To turn the eggs, I just open the top. I also only turn for teh first week or so, I read somewhere that after about five days the chick is moving around a lot and it doesn't need continual turning. It may not work quite as well as an automatic turner, but we're getting the chicks hatching just fine, not stuck in the shell or anything.

I figure if the hen gets off the eggs for half an hour a day or so to eat and do other functions, it's not gonna kill my eggs to have the lid off the incubator for a few minutes while I turn them or candle. I candled them twice, once at about a week, next at two weeks to weed out any infertile/quitters. Lots of growth, only a couple of quitters in three dozen various eggs.

May not be perfect, but I'm getting as good results as many with fancy pricey incubators.

On this lamp/cooler incubator, there is no temperature adjustment.

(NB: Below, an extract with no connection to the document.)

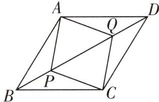 D 如图,连接 $AC$,$\because$ 四边形 $APCQ$ 是菱形,$\therefore AP = PC = CQ = AQ$,$AQ // PC$,$AC \perp BD$,$\therefore \angle AQP = \angle CPQ$,$\therefore \angle AQD = \angle BPC$。$\because AD // BC$,$\therefore \angle ADQ = \angle CBP$。在 $\triangle ADQ$ 和 $\triangle CBP$ 中,$\left\{\begin{array}{l}\angle ADQ = \angle CBP,\\\angle AQD = \angle CPB,\\AQ = CP,\end{array}\right.$ $\therefore \triangle ADQ \cong \triangle CBP(AAS)$,$\therefore AD = BC$,$BP = DQ$(A 项不合题意)。又 $\because AD // BC$,$\therefore$ 四边形 $ABCD$ 是平行四边形,$\therefore AB = CD$,$AB // CD$(C 项不合题意)。在平行四边形 $ABCD$ 中,$AC \perp BD$,$\therefore$ 平行四边形 $ABCD$ 是菱形,$\therefore AB = AD$,$\therefore \angle ABD = \angle ADB$(B 项不合题意)。
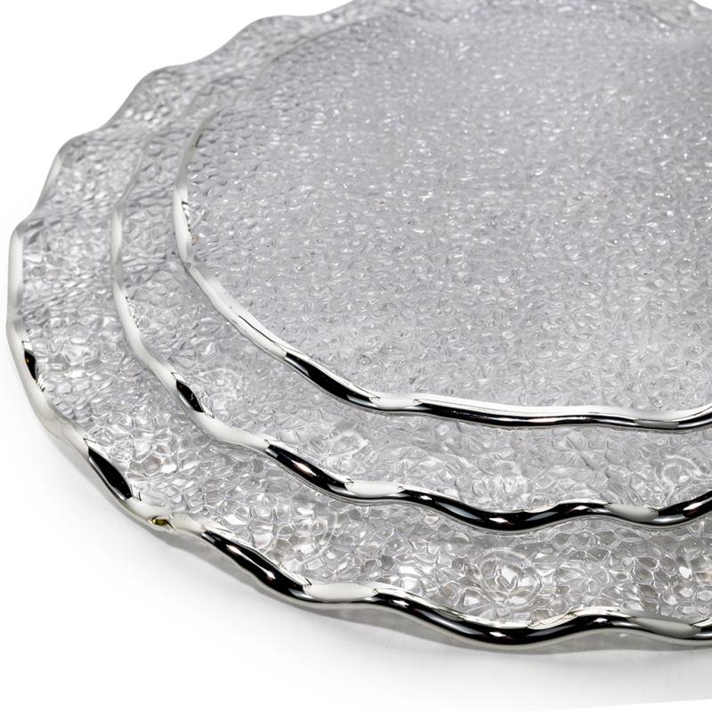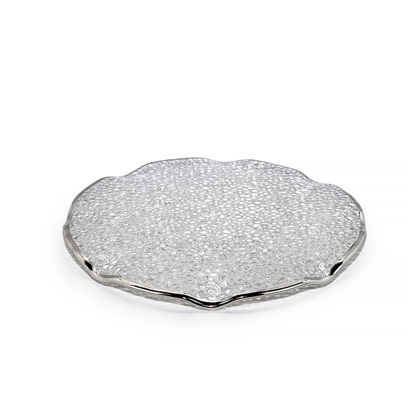 Стеклянное блюдо Shell — изящная стеклянная посуда для сервировки, в которой сочетаются прозрачное стекло, фактурная поверхность и аккуратная серебристая окантовка. Рельеф красиво отражает свет, добавляет подаче объем и делает сервировочное блюдо особенно выразительным, легким и современным.

I did take one day to determine that a 25 watt light was needed, not a 32, the "new" 40 watt equivalent at the store. Other than that, no temp adjustment. If the temp does get too high, I open up a few of the holes I've got covered with tape, or pull some of the foil back aroudn teh top of the light. I've only had to do that a couple of times since our house isn't a steady temp. It hasn't got under 99 degrees in the incubator at any point except when the power went out.
 
I've got a homemade bator. It's styrofoam. We bought a light fixture (for a lamp) and put that on the side and use a 40 watt bulb, used a 9x9 metal pan with water and a thermostate that turns the light on and off depending on the need, we took some hardware cloth that was strong enough to hold the eggs and bent it and placed it above the light, cut 4 holes for venalation and to help regulate the humidity, bought a humidity/temp gage (digital) and put that in there near the eggs, use a glass pane from a picture frame to see inside and put that on the lid. Eggs are kept in an egg carton and I turn my eggs once in the morning and once at night (every 12 hrs). When I turned my eggs 3 times a day I didn't get any to live past 12 hrs after hatching, could of been the batch too. At the end of the incubation period I take part of an egg carton and soak it in warm water and place that over the bulb to get the humidity up, when I notice it drying out I get another piece ready and hurry up and which them out. If the humidity gets too high I just move the wet carton piece a little away from the bulb (about an inch or 2 away). I do a quick candling every week to keep any clear or dead eggs out so I don't risk a rotten egg spoiling the entire batch.

It did take me a few days to get the temp just right, but it was a cheap bator to make. I will always have a bator just in case.

I think in your case borrowing one would be the best. After wards you could start to build your own or buy one.